On Sunday afternoon I got a Facebook alert on my phone from a neighborhood group I'm a member of.
"Dranesville Rd closed for missing teen investigation, both directions between Rt. 7 shopping center & Sugarland Rd, Fairfax/Loundon Co border"
The area is just a couple miles from my house. I visit the shopping center regularly for groceries. I scanned the comments and learned the remains of the teen– a 17-year-old girl– from Reston had been found in a pond a few miles away.
Her name was Nabra.
It's shocking when someone so young dies. Shocking when you learn someone so young was murdered. Shocking when you hear she was beaten with a baseball bat. Shocking when it's so close to your home. Because these things never happen so close to your home, right?
Nabra and her friends had been participating in late-night prayers at the All Dulles Area Muslim Society about a mile from the shopping center.

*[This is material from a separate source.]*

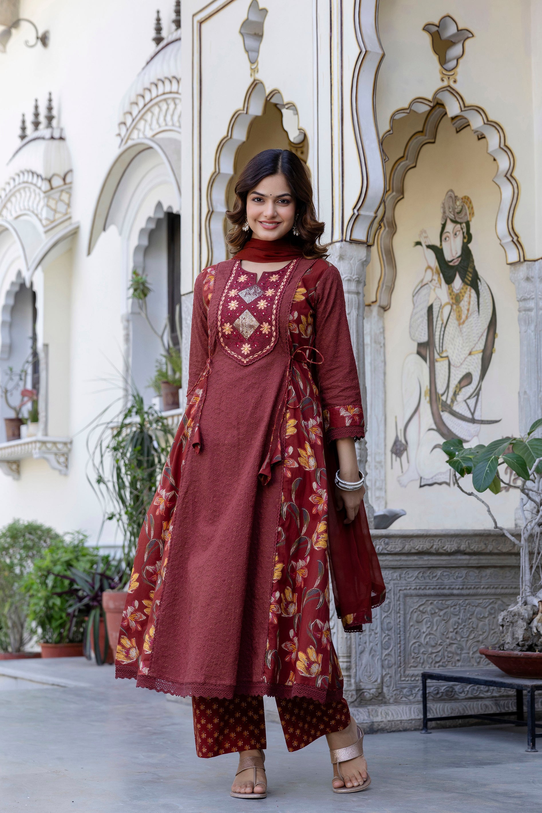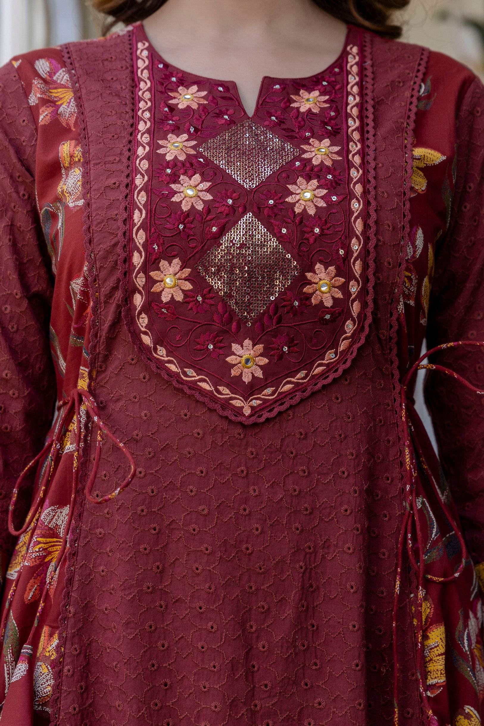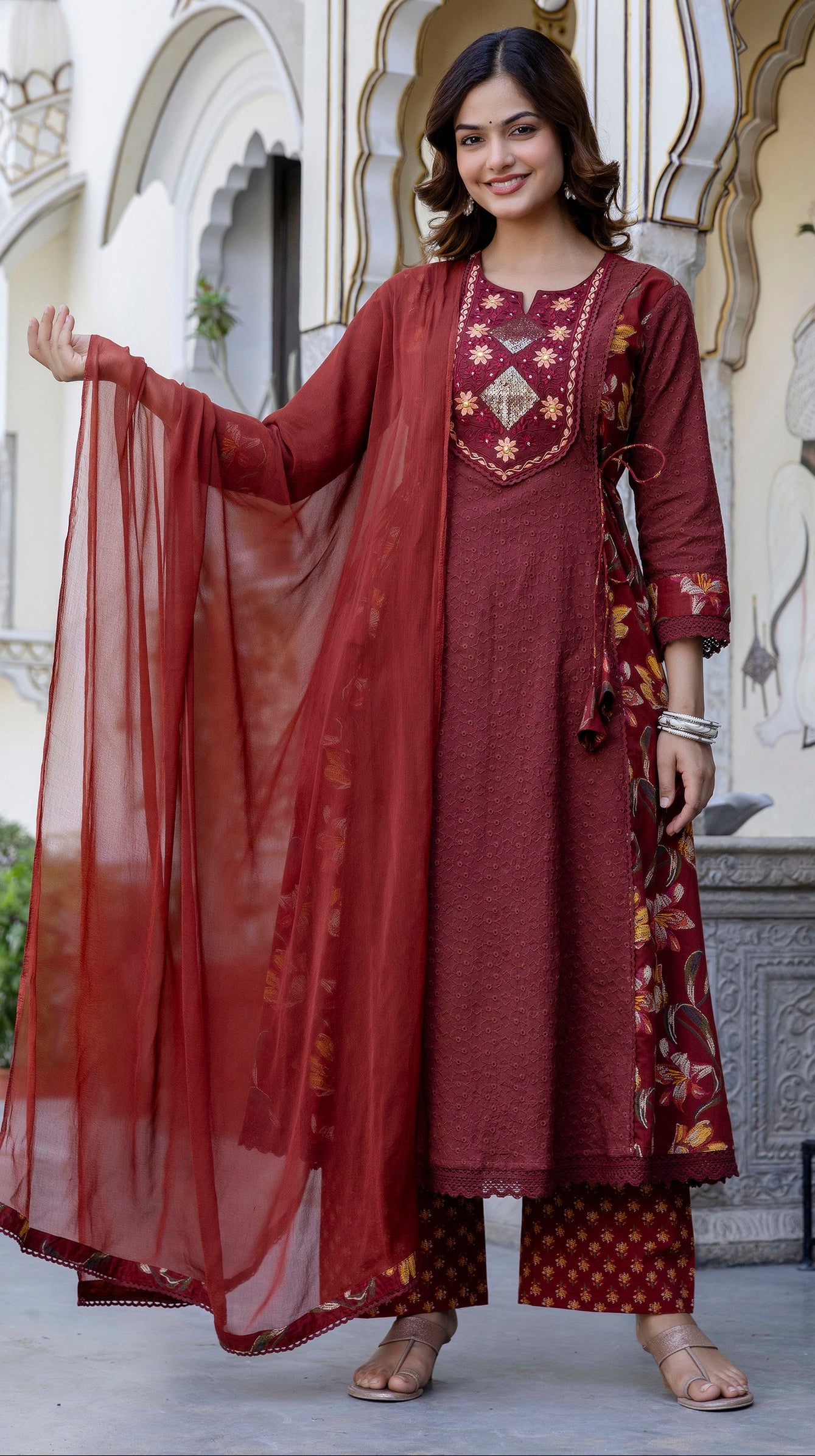 This EthniFlair Maroon Kurta Set blends rich traditional detailing with modern elegance. Crafted from soft and breathable cotton, the kurta features exquisite floral embroidery on the front panel, giving it a refined festive look. The addition of intricate schiffli panels adds beautiful texture and enhances its premium appeal. Paired with comfortable cotton palazzos and a lightweight Nazneen dupatta, this set creates a graceful and complete outfit perfect for festive occasions, family functions, and special celebrations.

The mosque hosts prayers at midnight and 2 a.m. during the last 10 days of Ramadan. Frequently, members stop by the McDonald's or IHOP nearby to eat a meal before fasting begins at sunrise, the Washington Post reported.
"According to accounts from police and a mosque official, a group of four or five teens were walking back from breakfast at IHOP early Sunday when they were confronted by a motorist. All but one of the teens ran to the mosque, where the group reported that the girl had been left behind."
I wonder about the kids who made it back to the mosque. How heavy they must feel today. One minute giggling over a late-night meal over the stuff of high school then terrified by an assailant then ... desolate. They are children no more.
The police arrested a suspect– not much more than kid himself at 22. I find myself making assumptions. Trying to solve the question of motive. They aren't investigating the Nabra's slaying as a hate crime, the police are quick to point out. Clearing up the easiest conclusion to leap to: She was Muslim and so a target.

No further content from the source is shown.